Поскольку разрешение в пространстве и времени теряется в каждом узле, как описано выше, убеждения, сформированные узлами более высокого уровня, представляют еще больший диапазон пространства и времени. Это должно отражать организацию физического мира, как она воспринимается человеческим мозгом. Считается, что более крупные концепции (например, причины, действия и объекты) изменяются медленнее и состоят из более мелких понятий, которые изменяются быстрее. Джефф Хокинс постулирует, что мозг развил иерархию этого типа, чтобы соответствовать, предсказывать и влиять на организацию внешнего мира.

Более подробную информацию о функционировании HTM Zeta 1 можно найти в старой документации Numenta.

Второе поколение: алгоритмы кортикального обучения

Второе поколение алгоритмов обучения HTM, часто называемые алгоритмами коркового обучения (CLA), кардинально отличался от дзета 1. Он основан на структуре данных, называемой разреженными распределенными представлениями (то есть структура данных, элементы которой являются двоичными, 1 или 0, и количество 1 битов мало по сравнению с количеством 0 битов) для представления активности мозга и более биологически реалистичной модели нейрона (часто также называемой ячейкой в контексте теории HTM). В этой теории HTM есть два основных компонента: алгоритм пространственного пула, который выводит разреженные распределенные представления (SDR), и алгоритм памяти последовательностей, который обучается для представления и прогнозирования сложных последовательностей.

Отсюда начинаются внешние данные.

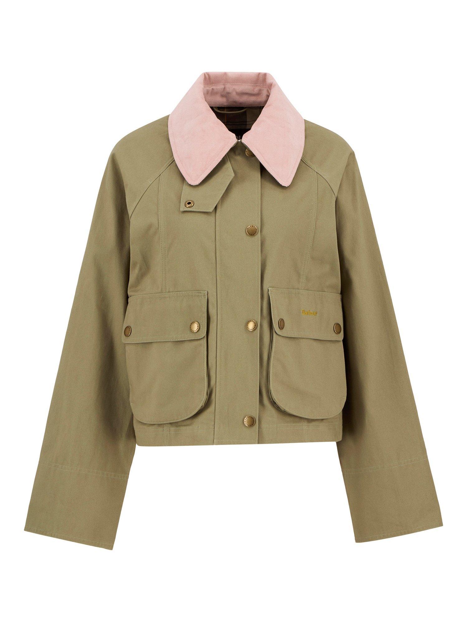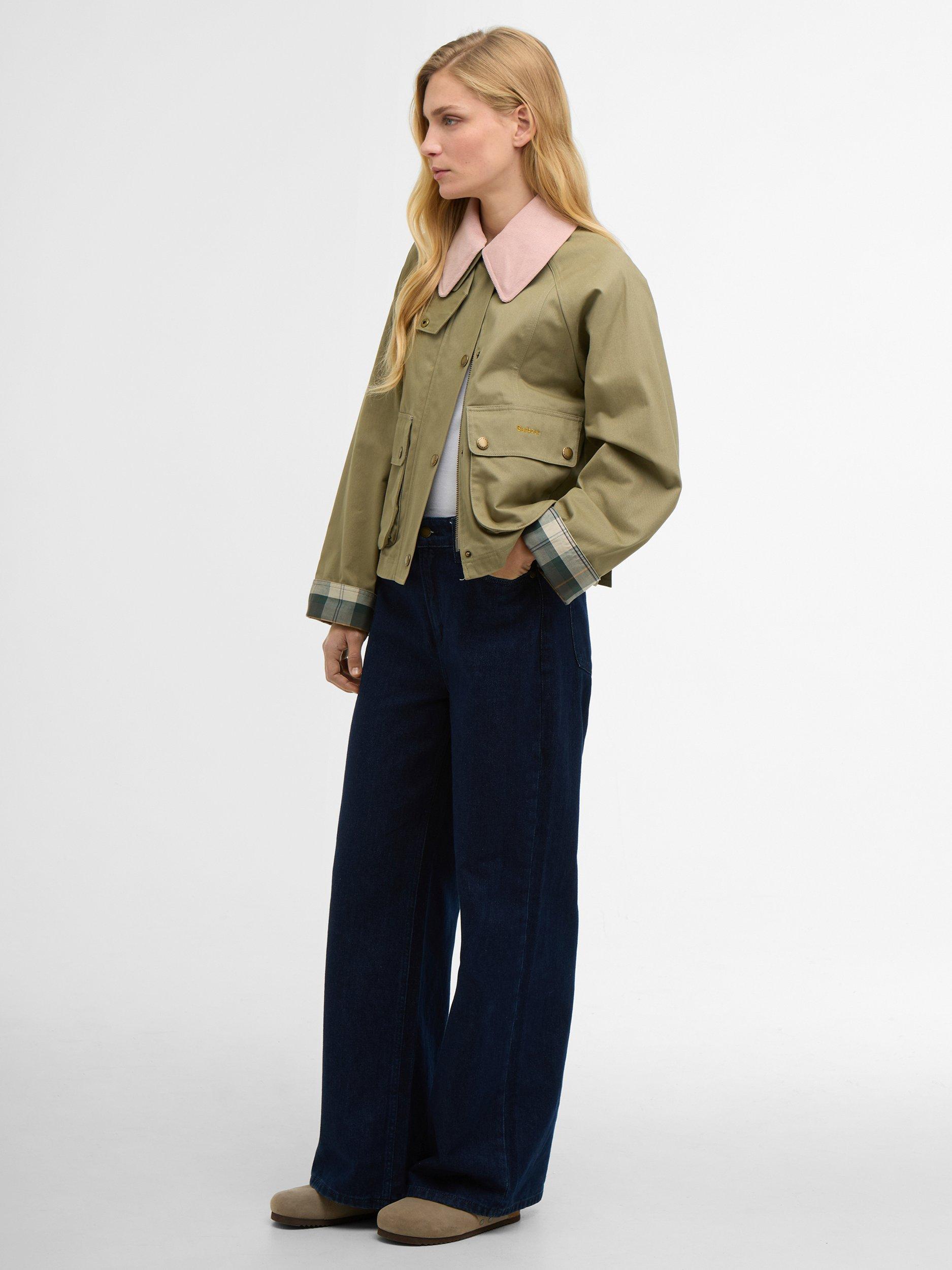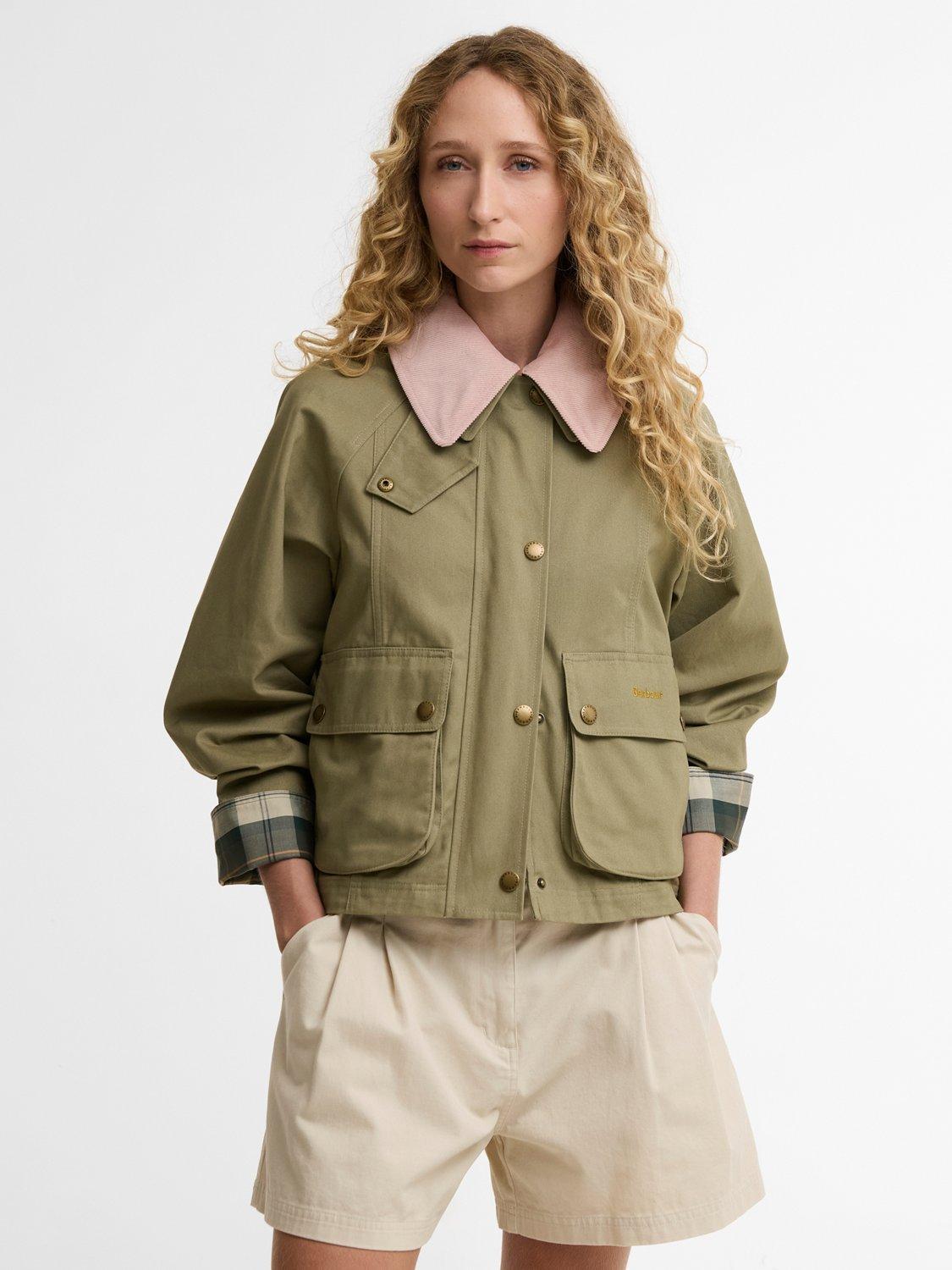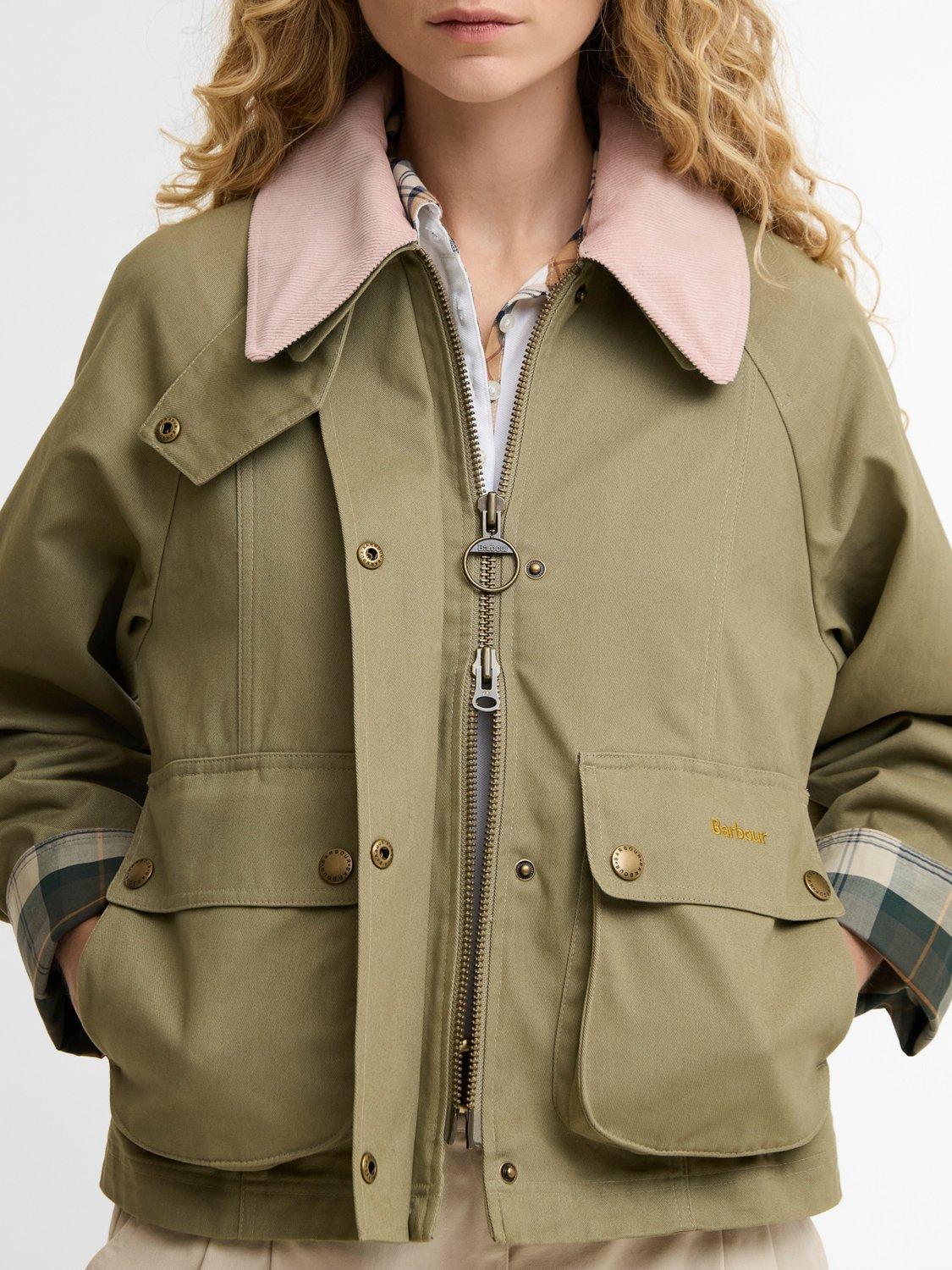 BarbourIcons Beadnell Cropped Jacket, Olive/Gardenia

В этом новом поколении слои и миниколонки коры головного мозга являются адресовано и частично смоделировано. Каждый уровень HTM (не путать с уровнем HTM иерархии HTM, как описано выше) состоит из ряда тесно связанных мини-столбцов. Уровень HTM создает разреженное распределенное представление из своих входных данных, так что фиксированный процент мини-столбцов активен в любой момент. Под министолбцом понимается группа ячеек, имеющих одинаковое принимающее поле . В каждом мини-столбце есть несколько ячеек, которые могут запоминать несколько предыдущих состояний. Ячейка может находиться в одном из трех состояний: активное, неактивное и прогнозируемое.

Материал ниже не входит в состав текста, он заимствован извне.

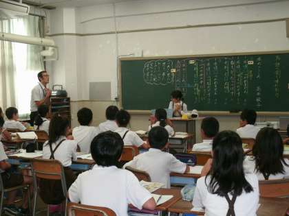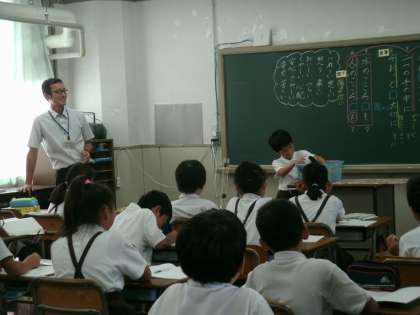 5年2組は、国語の学習をしていました。詩「水のこころ」から読み取ったことを動作で表現していました。
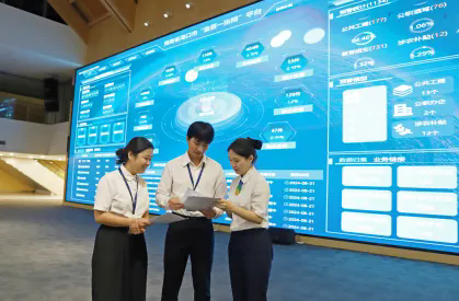 “监督一张网”把问题处置全流程搬到线上,实现对办件情况“一屏尽览”。图为 海口市纪检监察干部在市民游客中心了解“监督一张网”运行情况。吉曼妮 / 摄
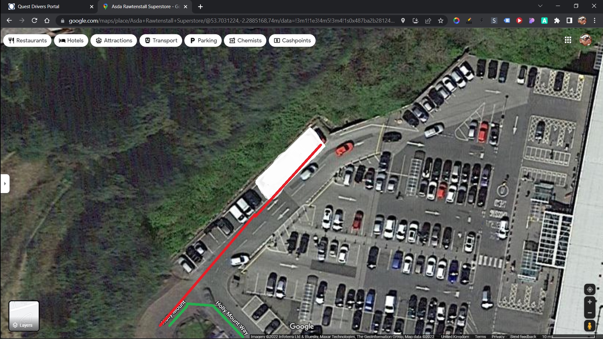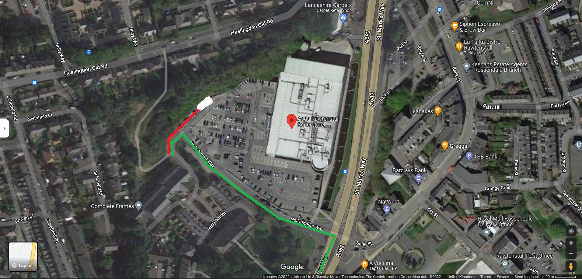 A56, A682 Asda will be on your left in the town centre, turn left at the lights and go up the ramp onto the top level. see pictures for the pad location.
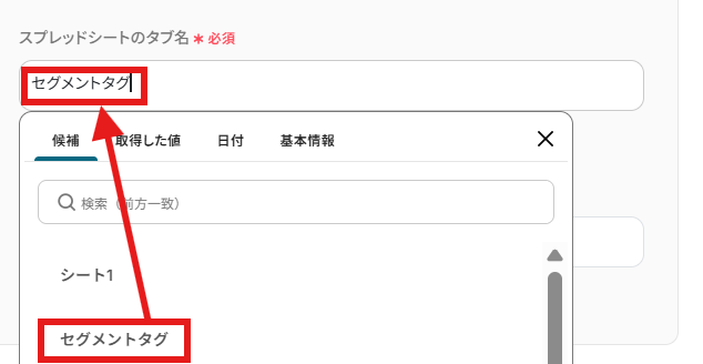 「データベースの連携」箇所で、上記のGoogle スプレッドシートを候補から選択していきます。 シートIDも同様に候補から指定してください。
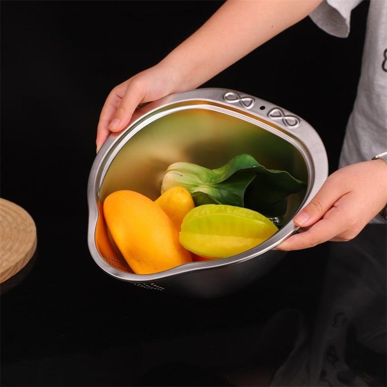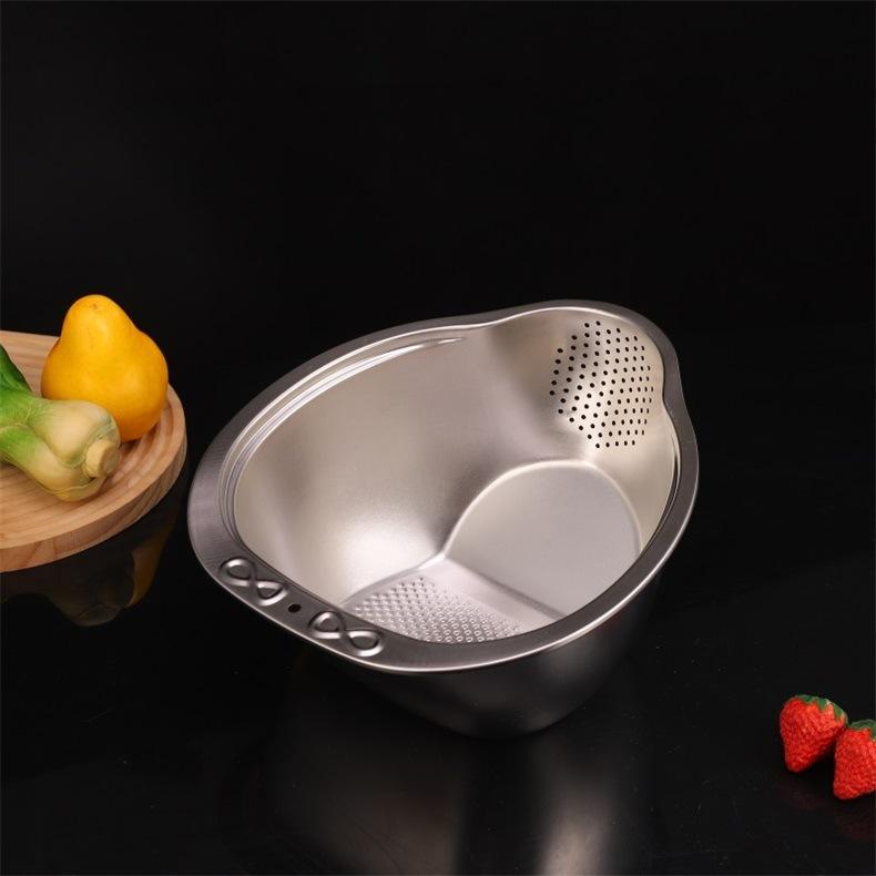 Nuevo Colador Inclinado de Acero Inoxidable para Lavar Verduras, Cesta de Frutas, Colador para Lavar Arroz, Tazón Multipropósito de Malla Fina para Cocina, Herramienta para Lavar Arroz
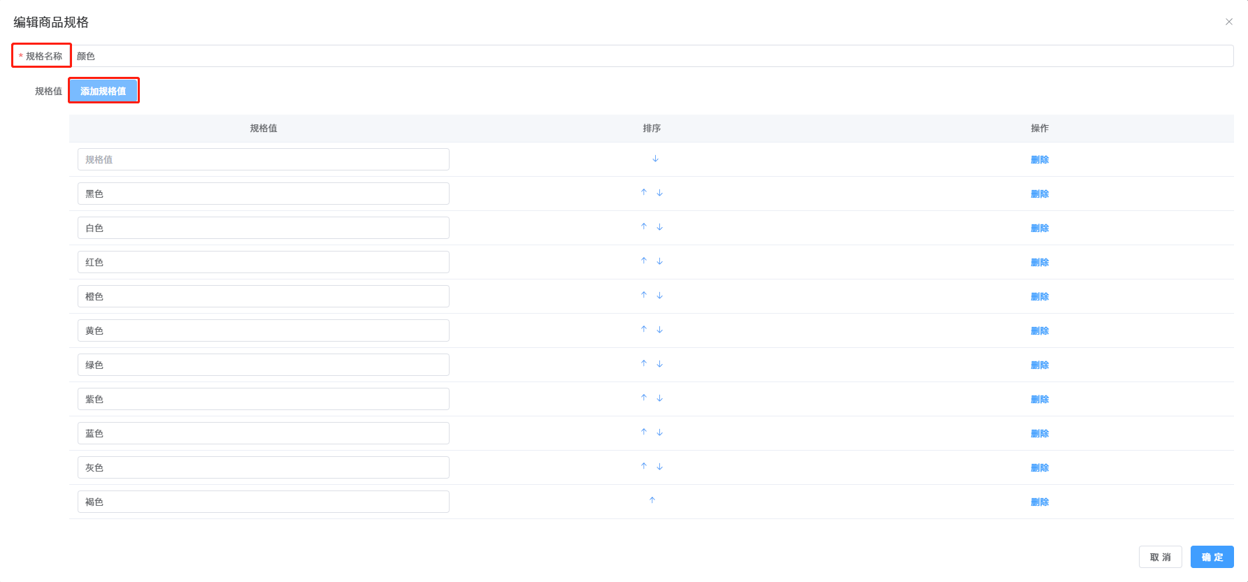 二、弹窗框中,填写规格名称和规格值,颜色为例,如下图所示

Пространственное объединение

Воспринимающее поле каждого мини-столбца - это фиксированное количество входов, которые случайным образом выбираются из гораздо большего количества входных данных узла. В зависимости от (конкретного) шаблона ввода некоторые мини-столбцы будут более или менее связаны с активными входными значениями. Пространственное объединение выбирает относительно постоянное количество наиболее активных мини-столбцов и инактивирует (подавляет) другие мини-столбцы в непосредственной близости от активных. Подобные шаблоны ввода, как правило, активируют стабильный набор мини-столбцов. Объем памяти, используемый каждым слоем, можно увеличить, чтобы изучить более сложные пространственные шаблоны, или уменьшить, чтобы изучить более простые шаблоны.

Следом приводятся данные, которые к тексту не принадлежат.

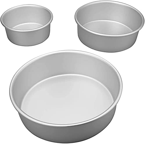 Our aluminum baking pans round set are perfect for making supreme multi-layer cakes and many more professional creations and recipes. Ideal design for round tiered and layered cakes, cheesecake, ice cream cakes, casseroles, deep-dish pizzas, gelatin desserts, tiramisu and so many more savory recipes. Product Specifications: Set of 3 Round Cake Pans include: 6” in diameter by 2.5” height round cake pan 7” in diameter by 2.5” height round cake pan 8” in diameter by 2.5” height round cake pan CARE INSTRUCTIONS: Wash each round cake pan with warm water, mild soap and a soft sponge before first use and after every use. Round Cake Pans are NOT Dishwasher Safe. After washing, dry immediately with a dry cloth or paper towel to prevent limescale formation. Give it a try and don’t miss out on this High-Quality round cake mold set that will make your cooking stylish and very convenient!
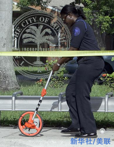 7月6日,在美国佛罗里达州迈阿密市,警察在枪击案现场布置警戒线。美国警方说,当日凌晨3名身份不明的枪手袭击了正在迈阿密市举行的一个大型生日聚会,导致12人受伤,并造成混乱。新华社/美联
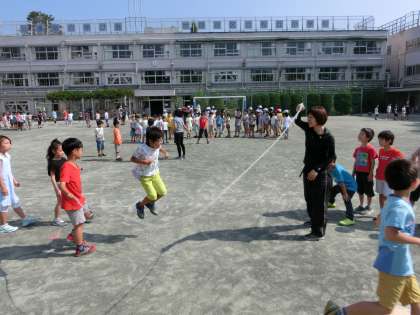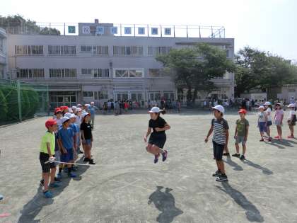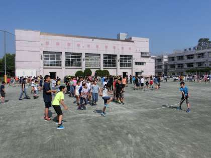 体育朝会、今日は偶数学年が二度目の長縄チャレンジです。
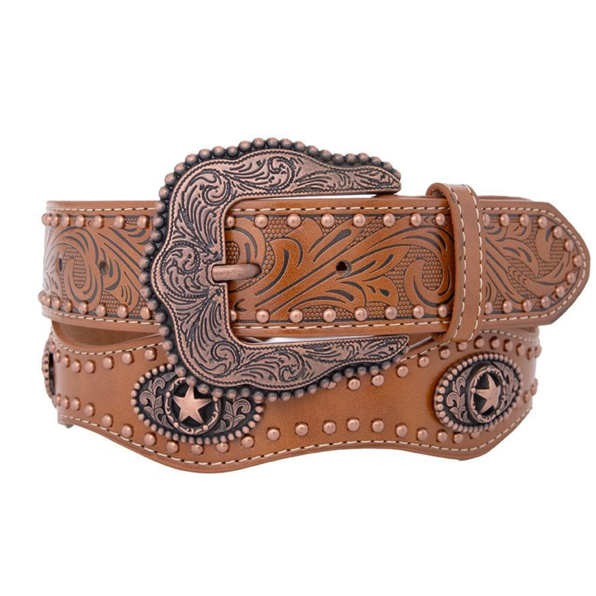 Cinto de Couro Western Star Marrom Claro Moda Country Texas Ranch Jeans Feminino Modelador Qualidade Couro Sintético.
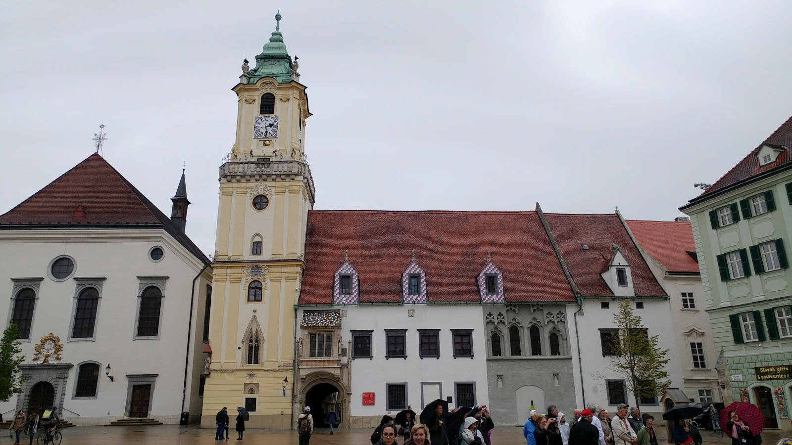 Das tolle Programm am Vormittag verging viel zu schnell, schon am Mittag machten wir in Bratislava fest und starteten bei leichten Regen unseren Ausflug Stadtrundfahrt Bratislava mit Kunstgalerie. Wie auch bisher meinte es das Wetter wieder gut mit uns und kurz nachdem wir starteten hörte es auf zu regnen. Nun ging es in die Altstadt von Bratislava, nicht nur historische Architektur ist in der Stadt zu finden, sondern auch viele moderne Einflüsse. Das aus drei Gebäuden gebildete Alte Rathaus aus dem 14. Jahrhundert ist eines der ältesten erhaltenen Häuser der Stadt und gehört zu den sehenswertesten Gebäuden. Vom hier zentral gelegenen Hauptplatz, der von zahlreichen Palais` und Bürgerhäusern umgeben ist, kamen wir zum barocken Michaelertor.

Активные, неактивные и прогнозирующие клетки

Как упоминалось выше, клетка (или нейрон) мини-столбца в любой момент времени может находиться в активном, неактивном или прогнозирующем состоянии. Изначально клетки неактивны.

Как клетки становятся активными?

Если одна или несколько ячеек в активном мини-столбце находятся в состоянии прогнозирования (см. Ниже), они будут единственными ячейками, которые станут активными на текущем временном шаге. Если ни одна из ячеек в активном мини-столбце не находится в состоянии прогнозирования (что происходит во время начального временного шага или когда активация этого мини-столбца не ожидалась), все ячейки становятся активными.

Как клетки становятся предсказательными?

Когда ячейка становится активной, она постепенно образует связи с соседними ячейками, которые, как правило, активны в течение нескольких предыдущих временных шагов. Таким образом, ячейка учится распознавать известную последовательность, проверяя, активны ли подключенные ячейки. Если активно большое количество подключенных ячеек, эта ячейка переключается в прогнозирующее состояние в ожидании одного из нескольких следующих входов последовательности.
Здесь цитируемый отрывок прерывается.